Segment Open

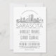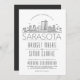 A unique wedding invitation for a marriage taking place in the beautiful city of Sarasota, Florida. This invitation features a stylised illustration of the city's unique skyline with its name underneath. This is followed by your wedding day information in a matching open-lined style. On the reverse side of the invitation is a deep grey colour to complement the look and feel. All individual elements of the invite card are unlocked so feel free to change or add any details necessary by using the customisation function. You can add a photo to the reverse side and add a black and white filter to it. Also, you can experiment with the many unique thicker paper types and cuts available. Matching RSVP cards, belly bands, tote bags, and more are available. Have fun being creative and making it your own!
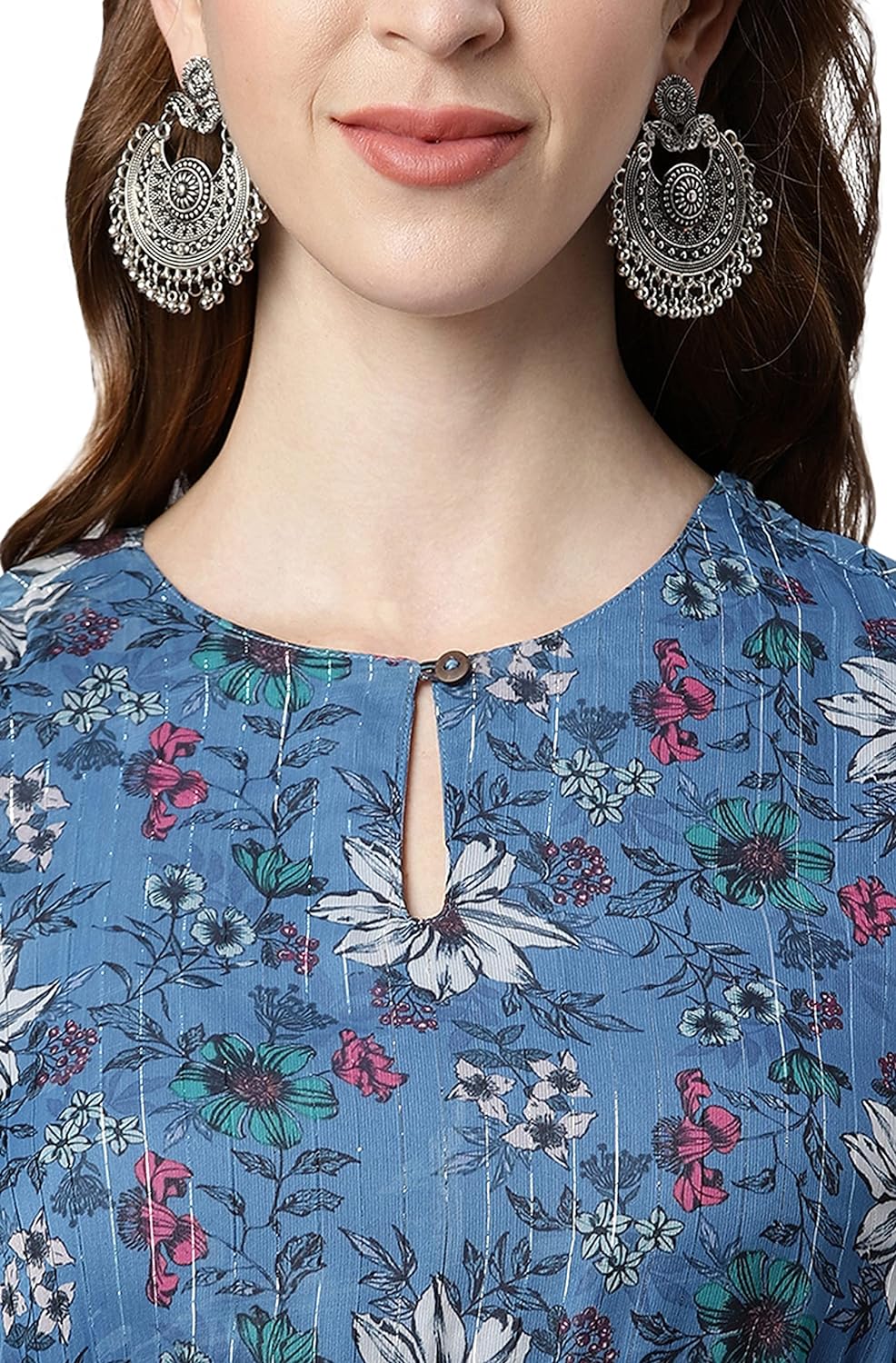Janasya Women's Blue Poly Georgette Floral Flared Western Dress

Segment Closed
Segment Open

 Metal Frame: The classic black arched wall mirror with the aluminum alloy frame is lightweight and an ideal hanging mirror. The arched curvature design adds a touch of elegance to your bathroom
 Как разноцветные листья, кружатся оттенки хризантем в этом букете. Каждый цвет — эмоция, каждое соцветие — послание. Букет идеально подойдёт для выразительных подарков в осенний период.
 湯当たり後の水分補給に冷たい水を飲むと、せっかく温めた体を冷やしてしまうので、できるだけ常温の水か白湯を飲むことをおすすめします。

Segment Closed
Segment Open

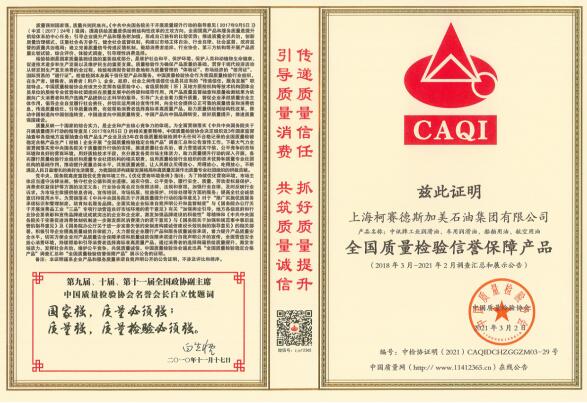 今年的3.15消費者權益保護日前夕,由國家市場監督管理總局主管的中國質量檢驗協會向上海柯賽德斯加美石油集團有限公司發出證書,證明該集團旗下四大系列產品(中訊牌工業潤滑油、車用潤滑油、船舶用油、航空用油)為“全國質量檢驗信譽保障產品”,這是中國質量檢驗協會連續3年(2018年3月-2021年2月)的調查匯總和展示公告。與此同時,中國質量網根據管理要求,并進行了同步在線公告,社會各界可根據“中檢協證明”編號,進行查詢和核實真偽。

Segment Closed

▸ PROBLEM REQUIREMENTS:
Would you copy out exactly the lines above that start at the one containing "Metal Frame: The" and end at the one containing "湯当たり後の水分補給に冷たい", inclusive?

▸ RESPONSE FOR THIS EXERCISE:
 Metal Frame: The classic black arched wall mirror with the aluminum alloy frame is lightweight and an ideal hanging mirror. The arched curvature design adds a touch of elegance to your bathroom
 Как разноцветные листья, кружатся оттенки хризантем в этом букете. Каждый цвет — эмоция, каждое соцветие — послание. Букет идеально подойдёт для выразительных подарков в осенний период.
 湯当たり後の水分補給に冷たい水を飲むと、せっかく温めた体を冷やしてしまうので、できるだけ常温の水か白湯を飲むことをおすすめします。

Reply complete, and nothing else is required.